I actually read one of the sources behind your first link just before I posted
my first comment to check my facts, and in the parts not quoted by your
article it says that responders usually absorb proportional levels of HDL to
LDL, making their blood cholesterol similarly neutral to non-responders.

I’m not going to tell someone who has heart disease to go eat a ton of eggs,
but I will say that if you’re healthy you shouldn’t worry about it. Just don’t
eat too much of anything.

------
gnabgib
I'm dubious of this article. After lookup up a couple of the (unlinked)
references around apparent increase prostate cancer risk in men..

The conclusion of _Dairy Products and Cancer Risk in a Northern Sweden
Population_ [0] is the opposite "In conclusion, this study does not support
any major adverse or beneficial effects of fermented milk, non-fermented milk,
cheese, and butter in the diet from a cancer risk perspective"

The second (of three) references for this claim; _Dairy products intake and
cancer mortality risk: a meta-analysis of 11 population-based cohort studies_
[1] does mention elevated prostate cancer risk - "However, whole milk intake
in men contributed to elevated prostate cancer mortality risk significantly".
But this is about whole milk consumption (specifically, not cheese, yoghurt or
butter)

We're living in a GPT3 world.. is this the product?
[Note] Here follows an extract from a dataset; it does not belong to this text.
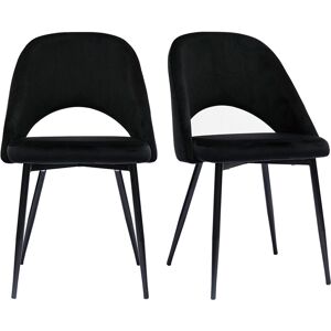 Avec leur look délicieusement fifties, les chaises COSETTE apporteront beaucoup de charme à votre décoration ! Ces chaises à l'inspiration vintage et aux lignes fluides se distinguent par leur dossier haut et courbé (L37 x H38.5 cm) qui permet un excellent maintien du dos. Avec leur coque généreusement rembourrée (densité de la mousse 25 kg/m3), ces jolies chaises de cuisine et salle à manger offrent un très bon confort d'assise. Ces assises au charme subtilement rétro sont synonymes de convivialité et de partage. Leur revêtement en tissu velours (100% polyester) se décline en noir, une teinte sobre et élégante par excellence. Les pieds fuselés en métal noir apportent de la légèreté à la silhouette et s'accordent aisément avec tous les styles de tables à manger. Ces chaises noires donneront le ton d'une atmosphère chic et vintage. Chaises livrées par lot de 2. Livrées prêtes à monter.

The references don't
support the claim (granted I only tested two of 21 references), and that last
article-summary point "If you want to be deliberate in your cheese choices,
consider sodium, calcium, calorie, and protein content" means _absolutely
nothing_

[0]:
[https://www.tandfonline.com/doi/full/10.1080/01635581.2019.1...](https://www.tandfonline.com/doi/full/10.1080/01635581.2019.1637441)
[1]:
[https://pubmed.ncbi.nlm.nih.gov/27765039/](https://pubmed.ncbi.nlm.nih.gov/27765039/)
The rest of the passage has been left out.